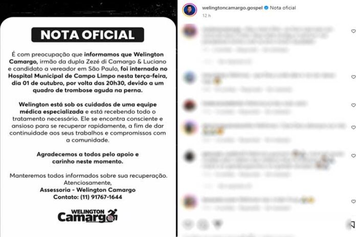 Wellington, que inclusive já foi cantor gospel, está sendo acompanhado de perto por uma equipe especializada e se encontra consciente. “Foi internado no Hospital Municipal de Campo Limpo nesta terça-feira, dia 01 de outubro, por volta das 20h30, devido a um quadro de trombose aguda na perna”, informou a equipe.
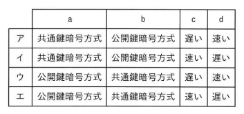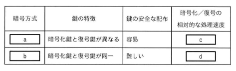 暗号化方式の特徴について記した表において,表中のa~dに入れる字句の適切な組合せはどれか。
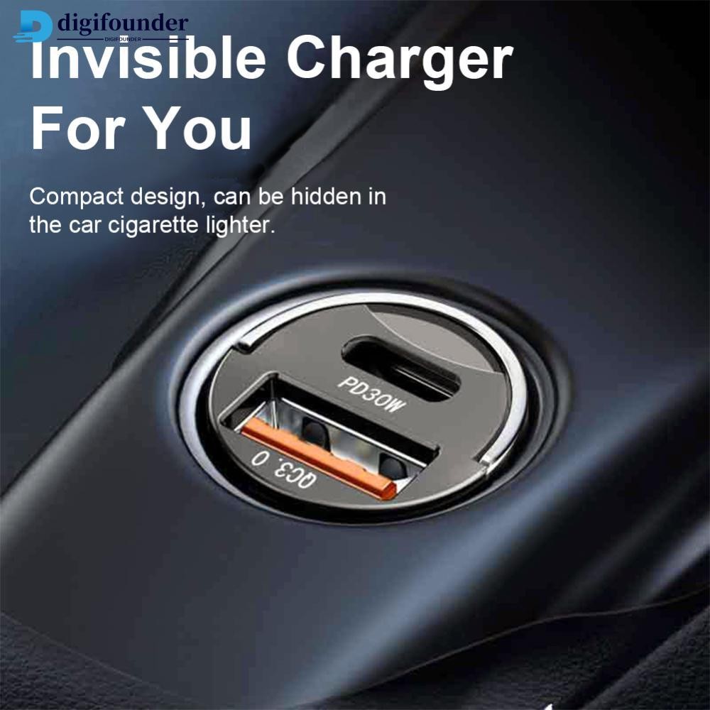 DIGIFOUNDER 200W Mini Carro Porta Dupla Carregador Usb Tomada De Carregamento Rápido 100w PD Tipo C Portas Duplas De Metal Invisível O5T1
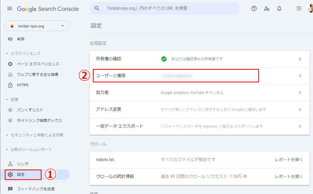 2.サーチコンソール左下の[設定]を押した後、[ユーザーと権限]を選択してください
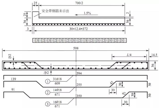 主筋直径>10mm,间距<20cm,在整体式板的主拉应力下,按计算不需要设置弯起钢筋,但习惯上仍然将一部分主钢筋弯起。通过支点的不弯起钢筋,每米板宽内不少于3根,截面积不少于主筋的1/4,弯起钢筋的弯起角度为30°或45°,弯起的位置为1/6-1/4跨径处。与板边缘间的净距应小于3cm。
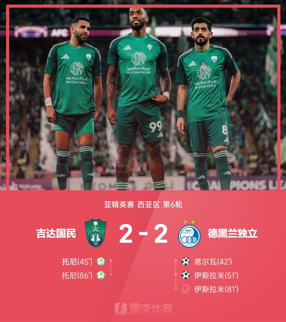 托尼点射双响,布赖坎绝杀被吹,吉达国民2-2德黑兰独立>>>

***

TASK DETAILS:
Range to copy from the listing above: the line with "暗号化方式の特徴について記し" through the line with "2.サーチコンソール左下の[設定]を押し". Transcribe it exactly and skip the pictures.

SOLUTION TO THE PROBLEM:
 暗号化方式の特徴について記した表において,表中のa~dに入れる字句の適切な組合せはどれか。
 DIGIFOUNDER 200W Mini Carro Porta Dupla Carregador Usb Tomada De Carregamento Rápido 100w PD Tipo C Portas Duplas De Metal Invisível O5T1
 2.サーチコンソール左下の[設定]を押した後、[ユーザーと権限]を選択してください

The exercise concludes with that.